Rachel lifted the gown at the shoulders and held it against herself. The design was terribly out of date, but the bones of the gown hinted at its potential. The neckline was higher than women now wore, but it could be lowered and squared off. Perhaps a bit of cording would dress up the puffed sleeves. The skirt, voluminously paneled, was so full there was fabric enough to make an extra gown from the excess—that is, if one was daring enough to dismantle a dress with so much significance attached to it.

“It is beautiful,” Rachel said admiringly. She looked from the gown, to their mother, and then met Sophie’s stare. “It matches Sophie’s coloring perfectly, doesn’t it? She wears vibrant colors so well, and the crimson would make her look like a dream. Don’t you agree, Mother?”

Their mother placed an arm around Sophie’s shoulders and gave her a small squeeze. Smiling, she said, “That is exactly what I had in mind, Rachel. You have no need for a new dress for the upcoming dance. You have the blue dress you made over from one of Sophie’s old gowns. It will look fabulous on you, my dear. But Sophie…”

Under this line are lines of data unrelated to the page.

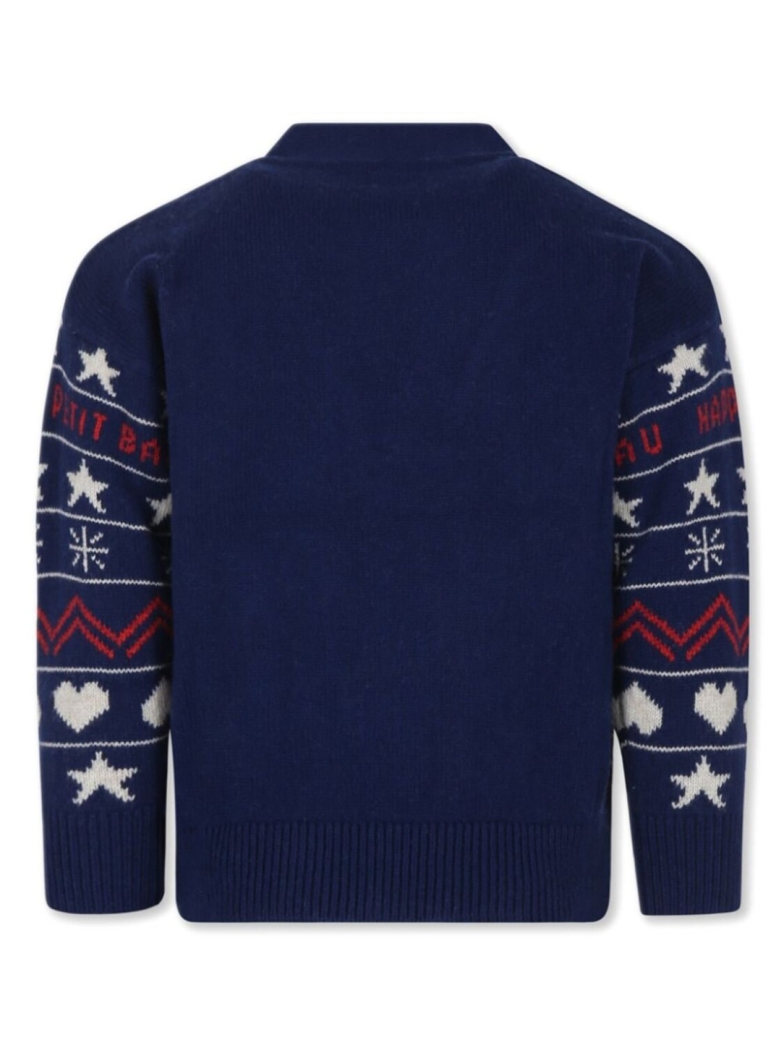 Красный/белый/синий шерстяной трикотаж в рубчик, застежка на пуговицы спереди, узорчатый жаккард, V-образный вырез, длинные рукава, ребристые манжеты и подол, внутренняя нашивка с логотипом
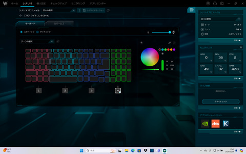 キーボードはテンキー付きの日本語配列。独自ユーティリティの「PredatorSense」でLEDの配色を任意に設定可能だ。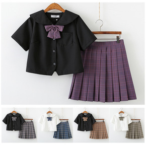 水手服学院风套装JK制服札幌襟白无本格子百褶裙基础...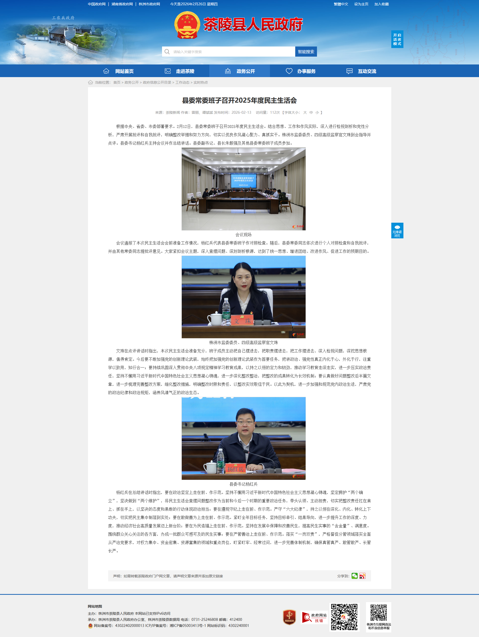 根据中央、省委、市委部署要求。2月12日,县委常委班子召开2025年度民主生活会。结合思想、工作和作风实际,深入进行检视剖析和党性分析,严肃开展批评和自我批评,明确整改举措和努力方向,切实以优良作风凝心聚力、真抓实干。株洲市监委委员、四级高级监察官文珠到会指导并点评。县委书记杨红兵主持会议并作总结讲话。县委副书记、县长朱毅强及其他县委常委班子成员参加。

Still holding the gown up in front of her, Rachel said, “Sophie has no new gown, and she simply cannot wear that green gown one more time. This one, with a few alterations, will make her the talk of the Town. Won’t it, Mother?”

Another squeeze. “It certainly will. Sophie will turn heads in a crimson gown. I know it is hardly ever done now, for unmarried women to wear such bold colors, but I have talked it over with your father and he agrees. If it was acceptable for me to wear a red dress without causing a scandal, it will be fine for Sophie to do the same.”